Les mécanismes sous-jacents aux réactions aiguës d’allergie alimentaire n’ont, à ce jour, pas été pleinement caractérisés. Nous profilons le transcriptome dynamique des réactions allergiques aiguës aux arachides en utilisant des échantillons séquentiels de sang périphériques prélevés auprès de 19 enfants avant, pendant, et après un essai randomisé, en double aveugle, contrôlé contre placebo, de consommation orale d’arachides. Nous identifions les gènes qui ont manifesté des changements d’expression déclenchés par l’arachide, mais pas par le placebo, pendant les réactions allergiques aiguës aux arachides. L’analyse réseau révèle que ces gènes contiennent des réseaux de coexpression pour la réaction de la phase aiguë et pour les processus pro-inflammatoires. L’analyse des facteurs clés identifie six gènes (LTB4R, PADI4, IL1R2, PPP1R3D, KLHL2, et ECHDC3) qui modulent de manière causale l’état des réseaux corégulés en réponse aux arachides. L’analyse de déconvolution leucocyte identifie des changements dans les populations de neutrophiles, de lymphocytes T CD4+ naïfs, et de macrophages pendant l’ingérence d’arachides. Des analyses effectuées sur 21 sujets supplémentaires qui étaient allergiques aux arachides répliquent les principales conclusions. Ces résultats révèlent les gènes clés, les processus biologiques, et les types de cellules que peuvent être ciblés pour l’étude mécaniste et le ciblage de la thérapeutique d’allergie aux arachides.
Introduction
L’allergie aux arachides est un problème clinique de santé publique qui affecte 2 à 5% de nos enfants en âge de scolarité, avec des preuves de prévalence croissante. L’allergie aux arachides est définie comme un effet négatif sur la santé résultant d’une réponse immunitaire spécifique qui se produit de manière reproductible lors de l’exposition à l’arachide, menant à des symptômes aigus tels que des ruches, des enflures, une gêne respiratoire, des problèmes cardiovasculaires, un trouble gastro-intestinal, et/ou l’anaphylaxie qui peut être mortelle. Le développement d’allergie aux arachides implique une déviation de la tolérance immunitaire muqueuse et cutanée, qui fait que les antigènes alimentaires présentés par les cellules présentatrices d’antigènes mènent à une réponse négative biaisée des cellules Th2, l’amorçage des cellules effectrices immunitaires innés, et la modification du milieu cytokine de manière à ce que l’exposition aux antigènes spécifiques aux allergènes alimentaires provoque des réactions aiguës médiées par l’IgE. En plus des symptômes immédiats de la réponse allergique, l’allergie aux arachides a des effets plus étendus sur le long terme, impactant la nutrition, la santé émotionnelle, et le mode de vie. Il n’y a actuellement aucun remède contre l’allergie aux arachides, et notre compréhension de sa causalité et de sa pathobiologie reste limitée.

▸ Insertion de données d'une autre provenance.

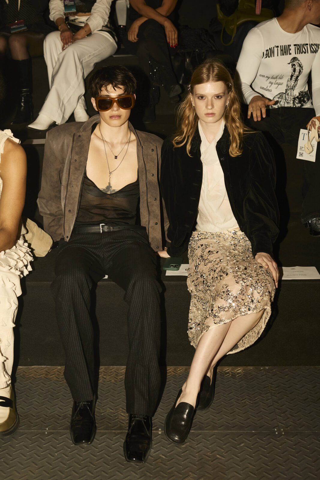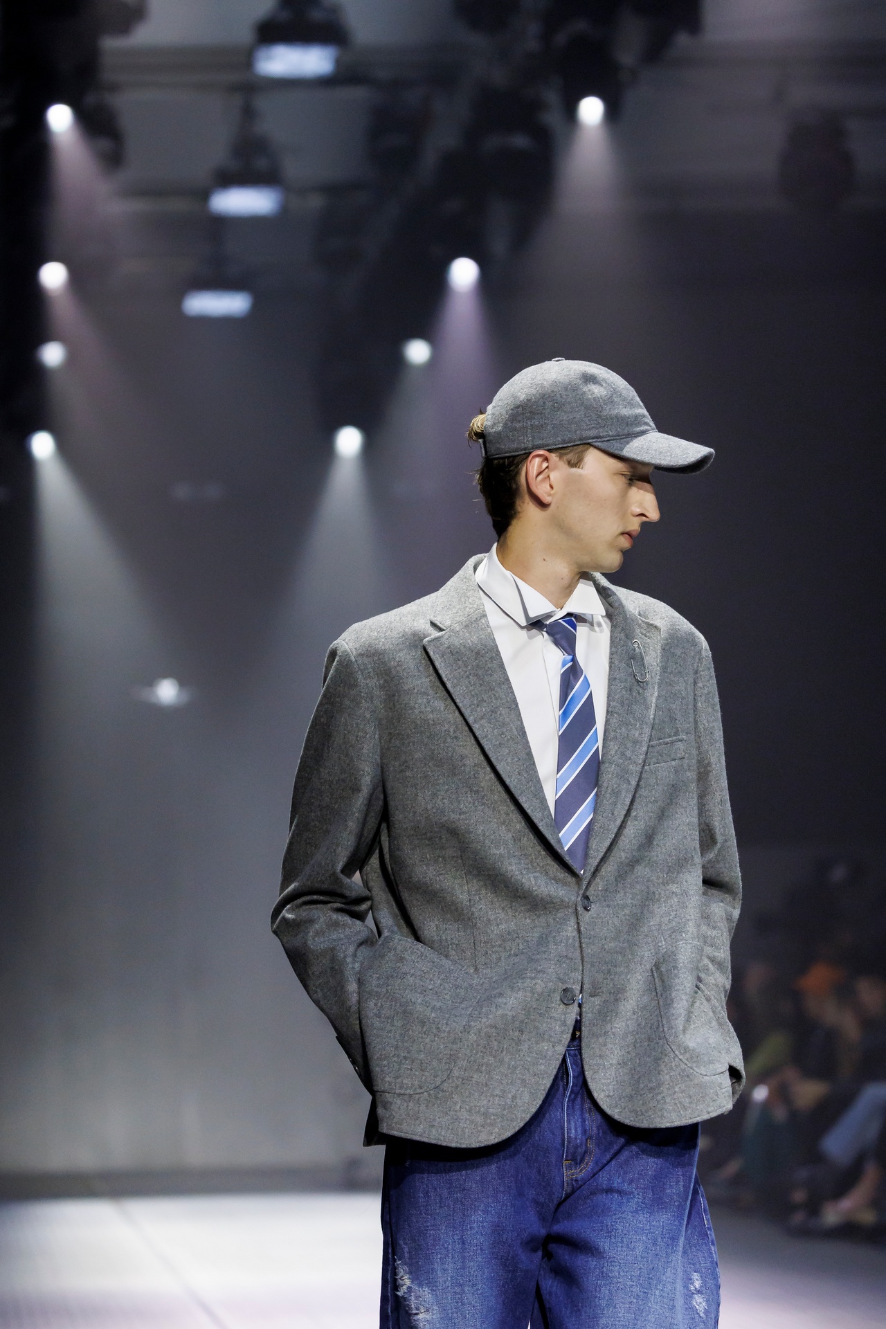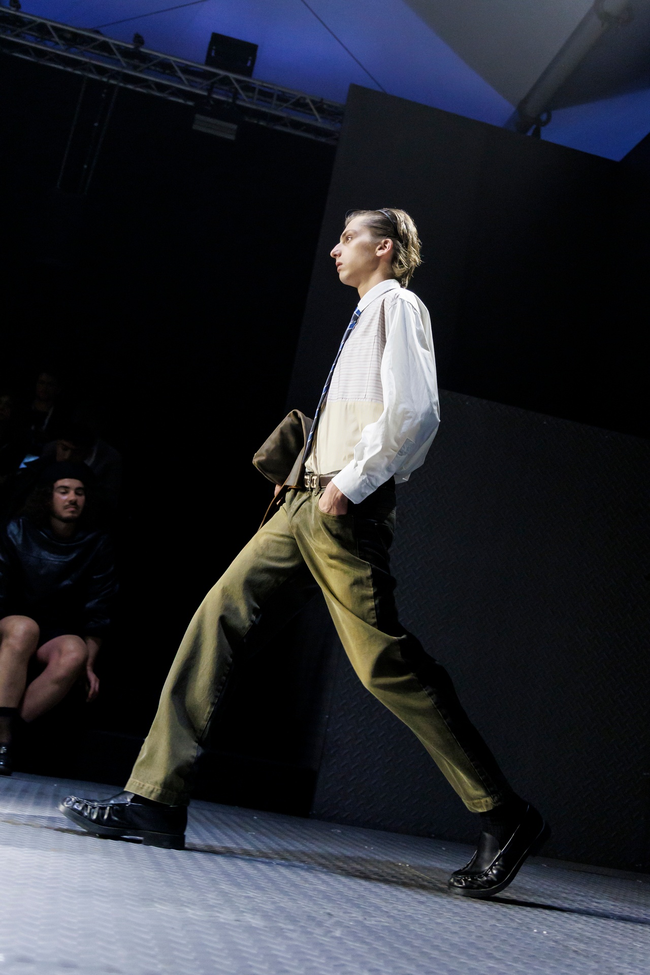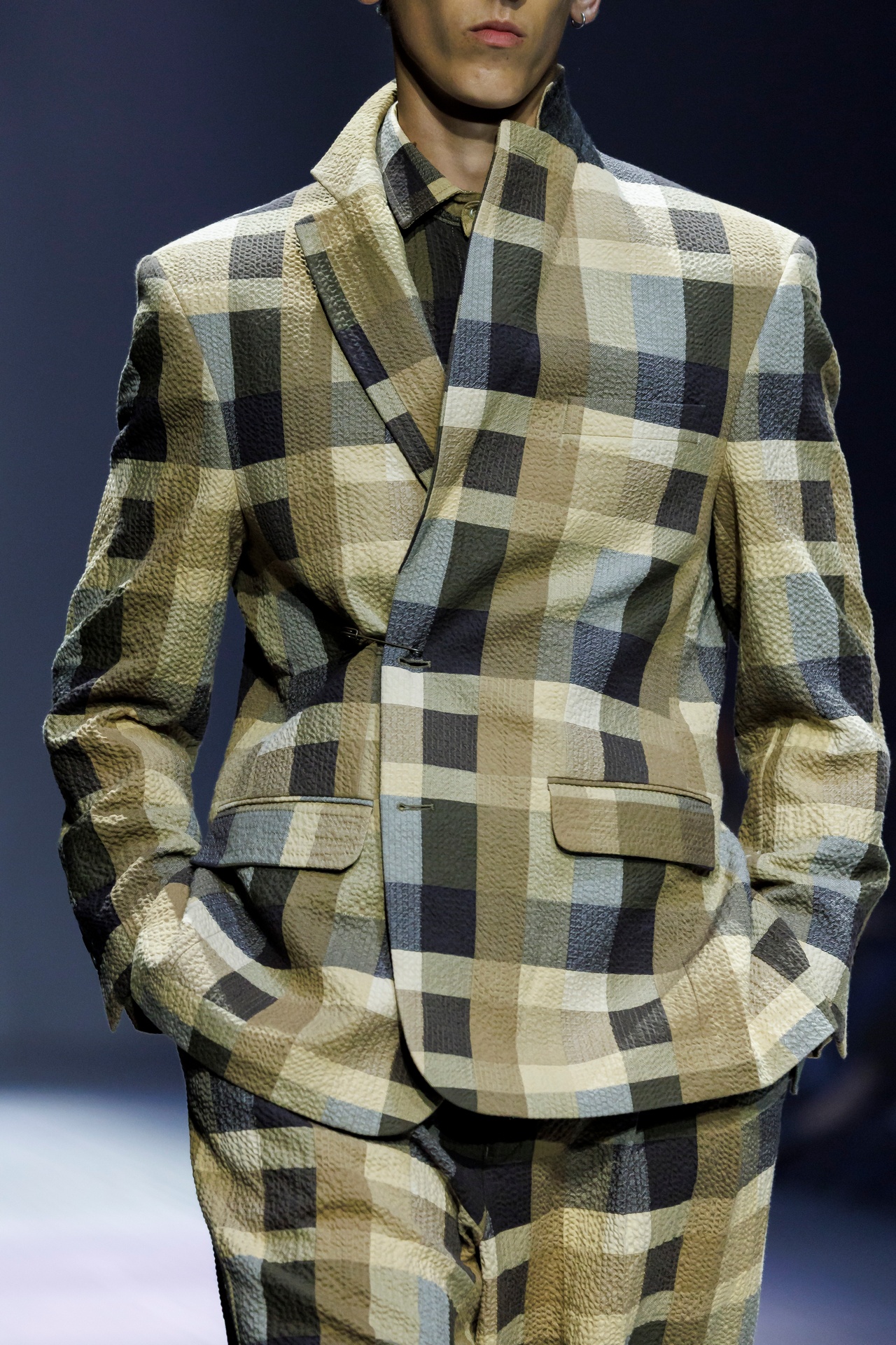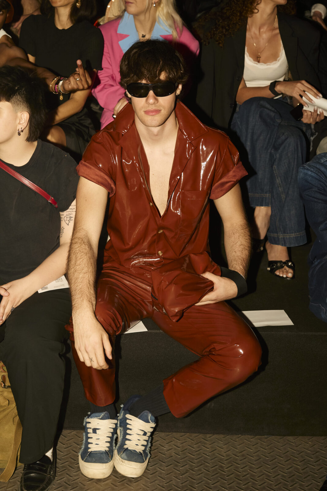 Las prendas se construyen a través de la composición. Los paneles se cruzan entre la sastrería y el denim, el cuero se encuentra con la lana y las superficies se organizan con precisión gráfica. Las costuras trazan líneas deliberadas sobre el cuerpo, convirtiendo el ensamblaje en lenguaje visual. El resultado no es nostálgico ni ornamental, sino controlado y arquitectónico.

Les études d’expression génique sur des individus souffrant d’allergies alimentaires ont fourni quelques aperçus des potentiels processus moléculaires sous-jacents à l’allergie aux arachides. Les gènes exprimés différentiellement et identifiés chez les individus souffrant d’allergies alimentaires indiquent que les perturbations sous-jacentes des processus du système immunitaire contribuent au développement de l’allergie alimentaire. Par exemple, le profil d’expression génique de tout le transcriptome dans les lymphocytes T CD4+ stimulés extraits d’individus allergiques à l’enfance avant le début de la maladie, et la correspondance avec les individus de contrôle non allergiques, a révélé des différences significatives d’expression pour plus de 2000 gènes, qui ensemble, représentent une signature de capacité réduite de prolifération des lymphocytes T chez les individus allergiques. Les comparaisons des niveaux d’expression génique dans les cellules mononucléées circulant du sang périphérique entre 17 adultes allergiques aux fruits et/ou aux latex et quatre sujets de contrôles ont révélé des différences globales à l’état de repos, y compris l’expression différentielle de gènes impliqués dans la signalisation des cytokines des lymphocytes T auxiliaires. Une dysrégulation de gènes impliqués dans divers processus immunitaires a aussi été signalée dans d’autres maladies allergiques.